Intérêts politiques contre intérêts économiques
Vers qui se tourner? La Chine, bien sûr. La Chine qui, depuis le début de l'année, lui a fourni quelque 500 000 tonnes de pétrole brut. La Chine qui lui assure presque tous ses besoins en énergie, qu'il s'agisse de pétrole, de gazole ou de kérosène. Mais les relations entre les deux pays se sont tendues de puis le début de l'année 2013, en raison des essais nucléaires et des tirs de missiles du Nord et Pékin se fait de plus en plus tirer l'oreille. Si entre 2006 et 2013, les échanges entre la Chine et la Corée du Nord avait été multipliés par 5, ils ont ralenti de 2,8% ces deux dernières années. Ils auraient même chuté de près de 14% au premier semestre de cette année, selon les Échos.
Pékin, en réalité, est écartelé entre ses intérêts politiques et ses intérêts économiques. La Corée du Nord, communiste, est un allié. Mais la Corée du Sud est, de son côté, l'un de ses plus grands fournisseurs. Et la Chine se demande aujourd'hui si un réchauffement de leurs relations ne serait pas encore le meilleur moyen de faire baisser la menace que fait peser la Corée du Nord sur l'ensemble de la région.
Tout le monde a remarqué la présence du numéro cinq du Parti communiste chinois, Liu Yunshan, à la grande parade militaire fêtant le 10 octobre le soixante-dixième anniversaire du Parti des travailleurs nord-coréens. Accolades et poignées de mains avec Kim Jong-un, larges sourires, il était à l'évidence l'invité d'honneur du "cher leader".

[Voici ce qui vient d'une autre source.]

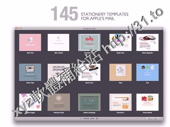 Designs For Mail for Mac是一個很好的Apple Mail信紙模板套件。它擁有145款設計
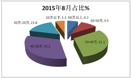 2、60—50万价格之间的团体客车车型比例同比2014年也提高了,比2013年8月夜提高了,说明团体客车市场中高档价格增多了。
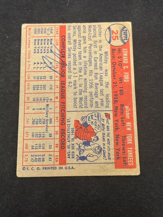 1957 TOPPS WHITEY FORD (MK ON BACK) #25 VGEX+ V14754
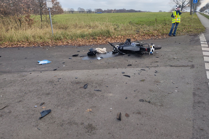 Das Motorrad wurde stark beschädigt und auch der PKW erlitt erhebliche Schäden.
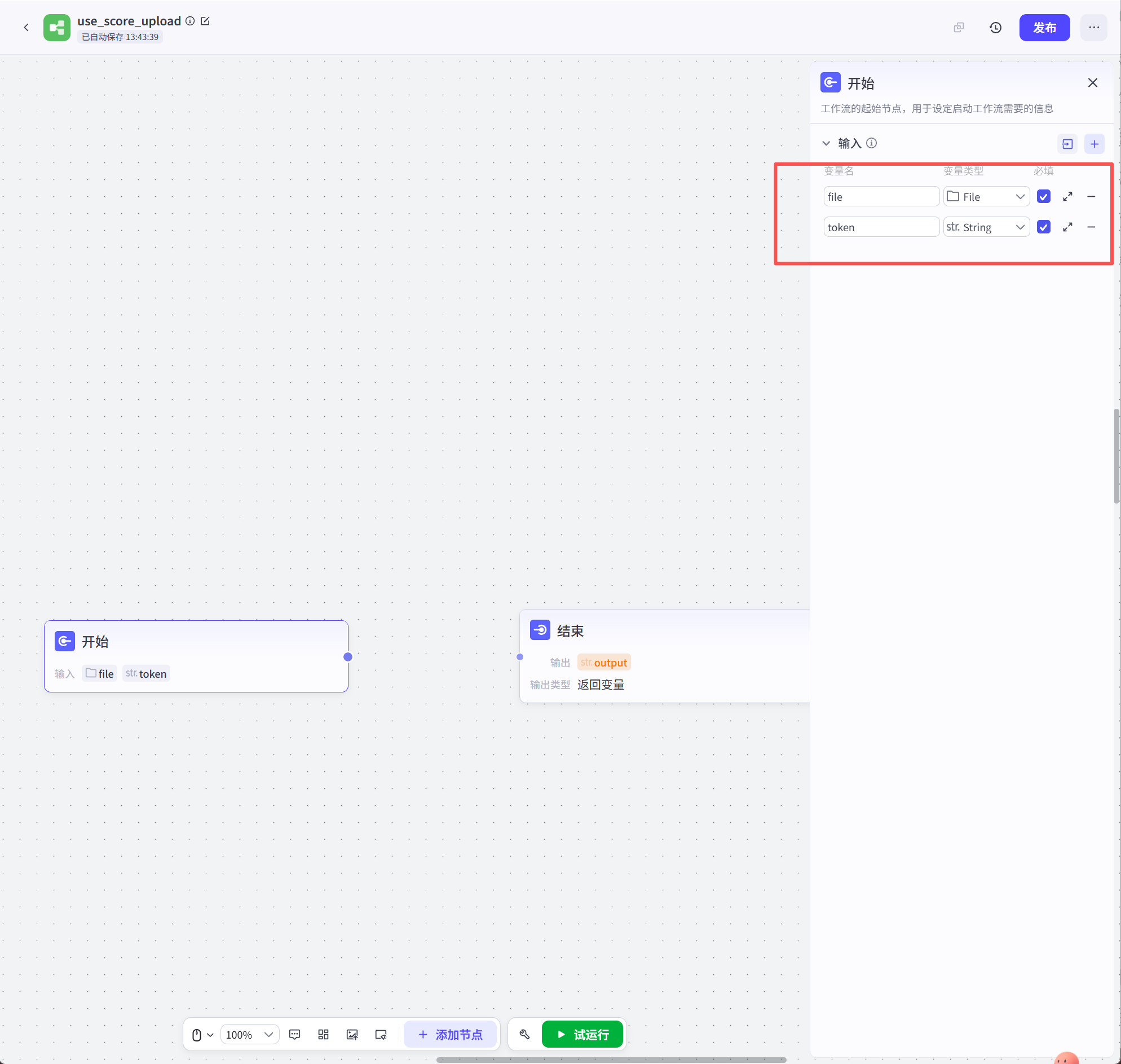 上传完成后,添加输出节点,把结果输出:
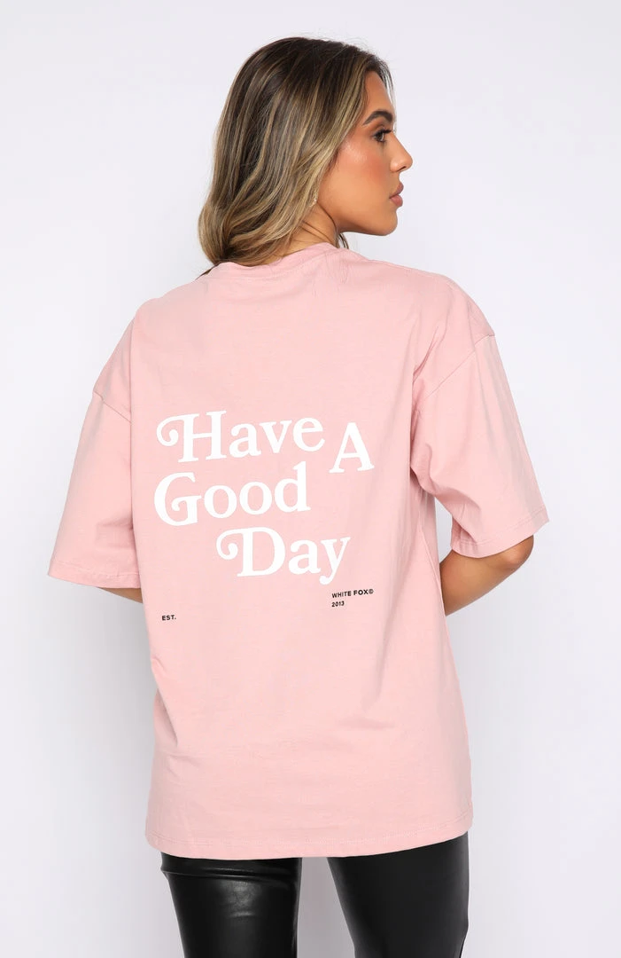 The Have A Good Day Tee in Pink is an essential in every babe’s wardrobe. This tee features a relaxed fit with short sleeves, high scooped neckline and printed logo front side and printed quote on the back. Pair with leather pants or bike shorts for a chill vibe.
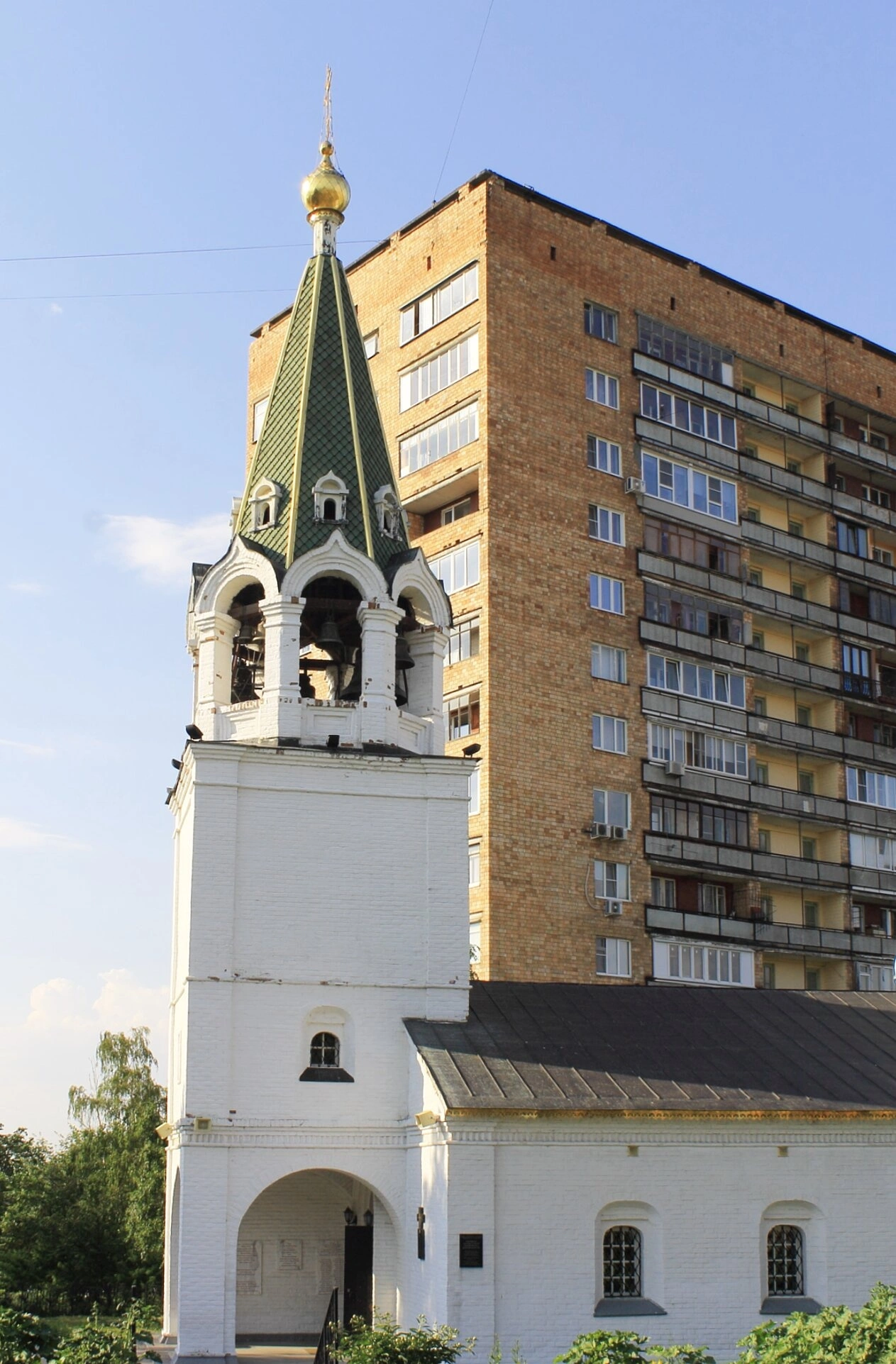 На заднем плане снимка виден контраст эпох: за древней святыней возвышается современное многоэтажное здание. Этот вид символично отражает непрерывность духовной жизни города, где древние традиции православия гармонично сосуществуют с ритмом современного мегаполиса. Голубое небо и кроны деревьев, обрамляющие храм, придают фотографии особую светозарность и спокойствие, подчёркивая благодатную силу этого святого места.
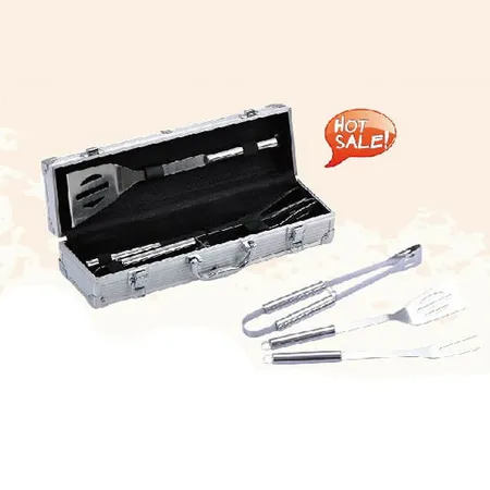 This is a BBQ tool set that includes a pair of 35cm tongs, a 35.5cm fork and a 35cm spatula. All the pieces are well packed in an aluminum case. Made of top-quality stainless steel, each tool is easy to clean and offers an extra-long service life.

Un "cher leader" qui a besoin de redorer son blason à l'extérieur comme à l'intérieur du pays. Il avait menacé le monde d'un tir de missile longue portée pour le soixante-dixième anniversaire. Il ne l'a pas fait. Il multiplie chez lui les initiatives de tous genres pour séduire une nouvelle classe moyenne naissante.
Parcs d'attraction et téléphones mobiles
On voit fleurir en Corée du Nord les parcs d'attraction du type de ceux que l'on peut voir en Occident. Les téléphones mobiles se généralisent. Koryolink, contrôlé par l'égyptien Orascom Telecom, compterait près de 3 millions d'abonnées. Ils ne donnent pas accès à Internet mais seulement à l'intranet nord-coréen. A Pyongyang, les taxis sont désormais nombreux. Toute une économie parallèle se développe à côté de l'appareil d'État, dans les biens de consommation, les services et les banques et les restaurants. Cinq hôtels de la capitale sont aujourd'hui équipés de distributeurs automatiques de billets de banque.
Reste une grande inconnue. Les Sud-Coréens sont-ils prêts à aller plus loin vers une ouverture avec le Nord? La Banque centrale de Corée (BOK) vient de réviser à 2,7% contre 2,8% ses prévisions de croissance pour le pays en 2015. Elle l'a ramené de 3,3% à 3,2% pour l'an prochain. La consommation du pays stagne. Les prix à la consommation n'augmenteront que de 0,7% cette année. Les exportations de la Corée du Sud ne cessent de baisser depuis le début de l'année (-8,3% en septembre), notamment en raison du ralentissement de la Chine qui représente plus de 25% des ventes du pays à l'étranger. Malgré des taux d'intérêts maintenus au niveau historiquement bas de 1,5%, l'économie s'essouffle. La population vieillit, les jeunes ne trouvent pas d'emplois, ou difficilement. Ce qui se passe au nord du 38éme parallèle, de l'autre côté de la frontière, n'est pas leur priorité.
La réunification, "ce devrait être notre rêve à tous de quelque côté de la frontière que nous nous trouvions. Pourtant, beaucoup de Sud-Coréens considèrent cette perspective avec inquiétude. Trop de choses nous séparent", résume très bien la transfuge nord-coréenne Hyeonseo Lee dans son livre "La fille aux sept noms", qui vient de sortir en France.